Ter zitting van 16 maart 2006 heeft de deskundige [U] in het bijzijn van het Openbaar Ministerie verklaard dat de kaviaar onder de juiste omstandigheden tot achttien maanden na vangst bewaard kan worden, doch met het risico dat de kwaliteit na twaalf maanden achteruit gaat.

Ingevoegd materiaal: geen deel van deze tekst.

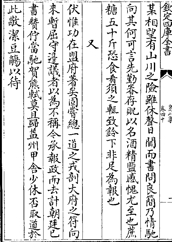 某相望有山川之险虽休声日闻而书问良简乃情驰向其何可言先勤眷存贶以名酒精盐感愧尤至也蔗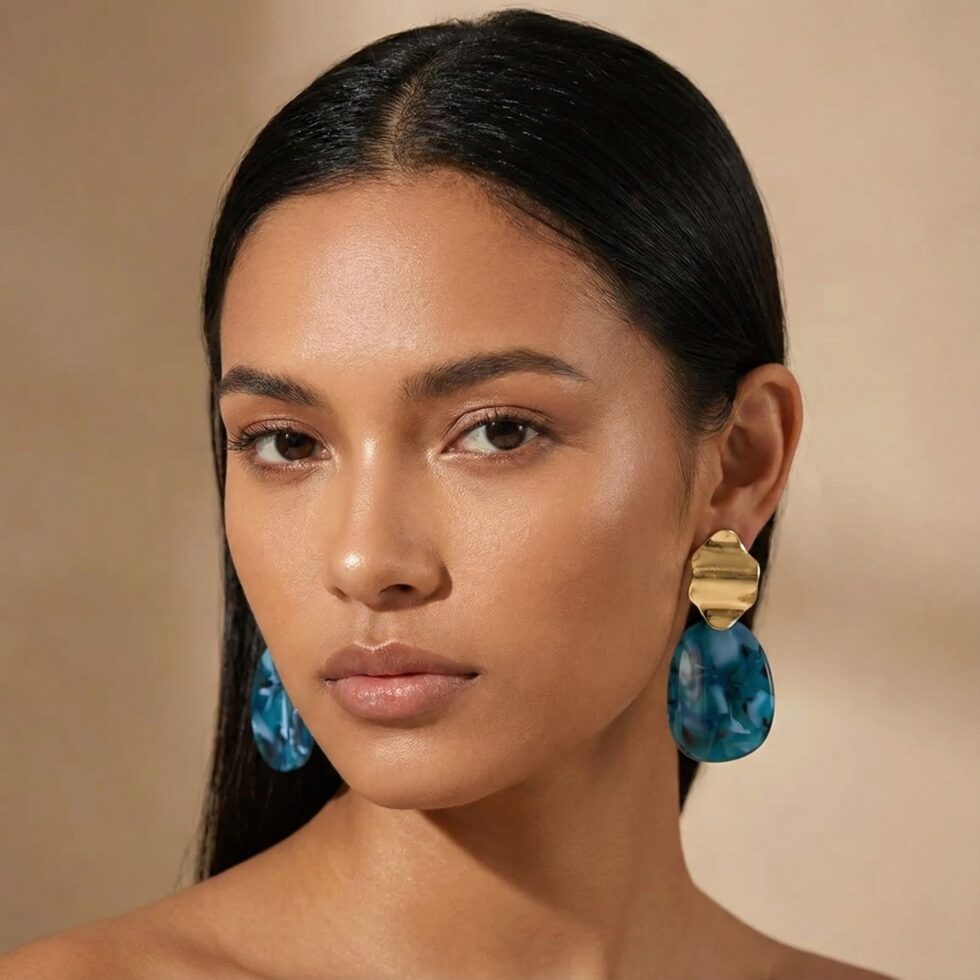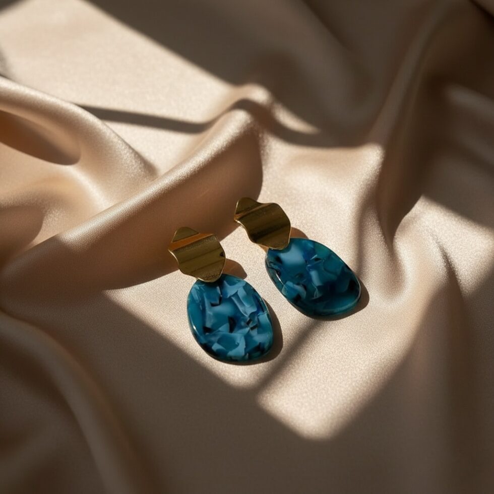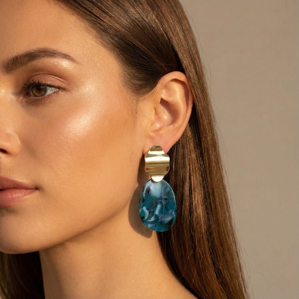 Make a bold, contemporary statement with The Cerulean Current Drops. These striking dangle earrings feature a two-tiered design combining polished metal with vibrant resin. They begin with a small, highly polished gold-toned geometric top piece that connects to a large, flat, asymmetrical oval charm. The charm is made of glossy resin in a mesmerizing, marbled pattern of deep blues, lighter cerulean, and black, giving it the appearance of swirling ocean currents or a deep agate stone. The clean lines of the gold top and the organic shape of the marbled resin create a sophisticated, architectural, and colorful accessory perfect for daytime chic, resort wear, or adding a modern pop of color to any look.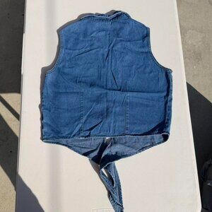 Harley-Davidson sleeveless denim vest with a front tie detail and embroidered Harley logo on the chest.

Volgens de heer [T] voornoemd ontstaan na ongeveer acht tot twaalf maanden zoutkristallen op de kaviaar.
Een en ander wijst er op dat de bewaarder een groot risico van waardeverlies neemt indien hij de kaviaar zelf onder zich blijft houden, zeker bij onder zich houden langer dan een jaar na de vangst.

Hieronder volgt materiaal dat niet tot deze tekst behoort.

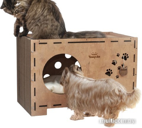 | Информация | Домик Сундук разработан с учетом потребностей домохозяйств, в которых обитает пара питомцев. Особенность конструкции в том числе позволяет разрешать такую проблему как кормление кошки на верхней части, так и пребывание маленькой собачки в нижней части конструкции. |
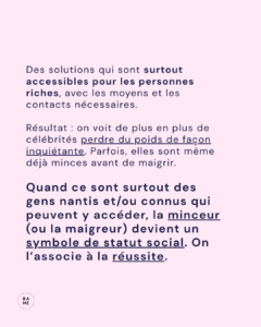Quand ce sont surtout des gens nantis et/ou connus qui peuvent y accéder, la minceur (ou la maigreur) devient un symbole de statut social. On l’associe à la réussite.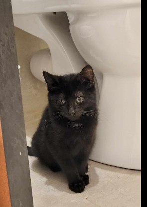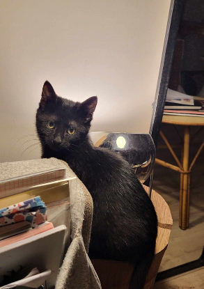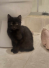 Petit chaton noir, encore craintif mais qui n'en reste pas moins trés curieux. Il commence à se laisser amadouer par le jeu, notamment celui de la canne à pêche. Il aime aussi courrir aprés ses fréres. Il est le plus gourmand de sa fraterie, et raffole de la paté. Il accepte même de manger dans la main de l'humain. Il est propre. Il lui faudra une famille douce et patiente pour qu'il prenne confiance en son humain.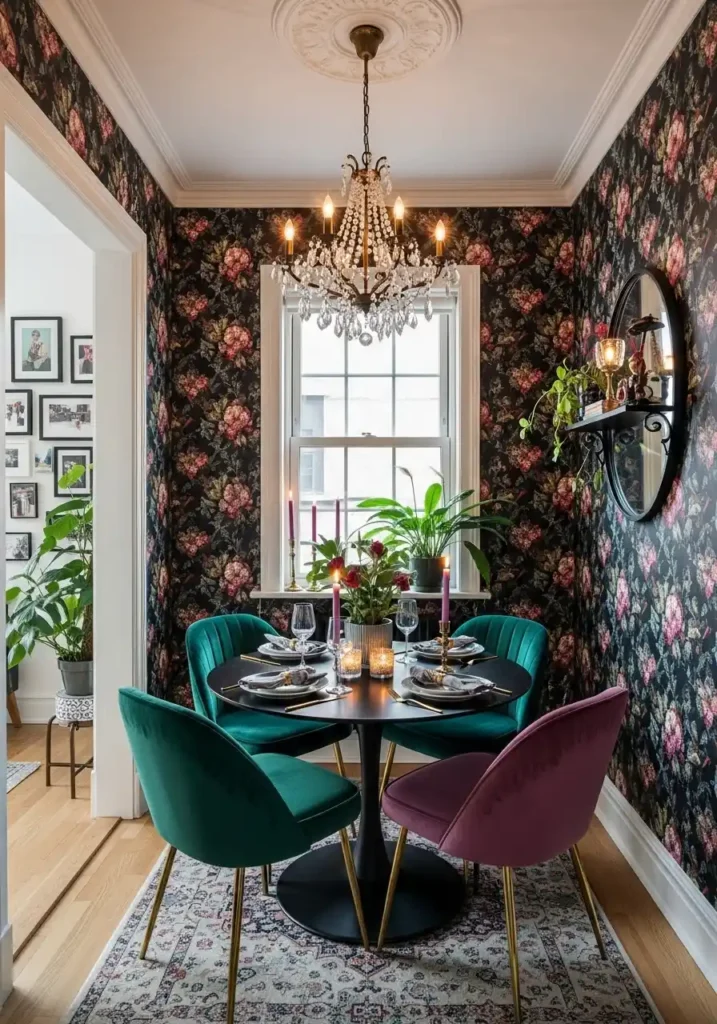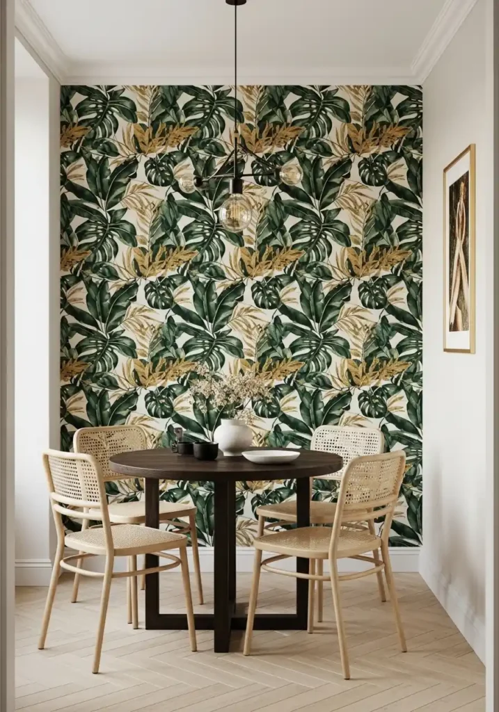 The wallpaper choices that create the most beautiful and most photographically stunning results in small dining rooms are those that are genuinely bold in scale, color, and pattern — designs that would feel timid or underwhelming in a larger room but that fill a small dining room with personality and visual richness in exactly the right proportion. Oversized botanical prints with dramatic leaves in deep greens and warm golds. Maximalist vintage floral designs in jewel tones against a dark background. Bold geometric Art Deco patterns in deep navy and brass. Painterly abstract designs in colors that pick up your dining chairs or your pendant light. Choose one wall — ideally the one you look at most directly while seated at the table — and let it be absolutely magnificent.

-c- De kaviaar was in beslag genomen wegens mogelijke illegale vangst. Vanuit het CITES-bureau in Kazachstan heeft de heer K. Suleimenov bij brief van 9 november 2005 verklaard dat de exportvergunningen echt zijn en waren afgegeven in overeenstemming met de CITES-Conventie. Dit heeft hij op de terechtzitting van 27 april 2006 in de strafzaak als getuige deskundige bevestigd. De rechtbank overwoog op 11 mei 2006 dat zij geen aanleiding ziet te twijfelen aan de authenticiteit van de vergunningen, dat die niet als nietig kunnen worden beschouwd en dat voldoende melding wordt gemaakt van de informatie die (minimaal) moet worden gegeven. Over de onvolkomenheden ten aanzien van de verpakking overwoog de rechtbank in het strafvonnis van 11 mei 2006 dat deze (telkens) niet wijzen op fraude met illegale kaviaar. Een en ander vormt een sterke aanwijzing dat het om legaal gevangen kaviaar gaat, waarvan de handel (vergezeld van de juiste papieren) geoorloofd is. Gelet hierop hoefde het algemeen belang het Openbaar Ministerie niet langer dringend te weerhouden om de kaviaar door verkoop op de markt te laten zetten.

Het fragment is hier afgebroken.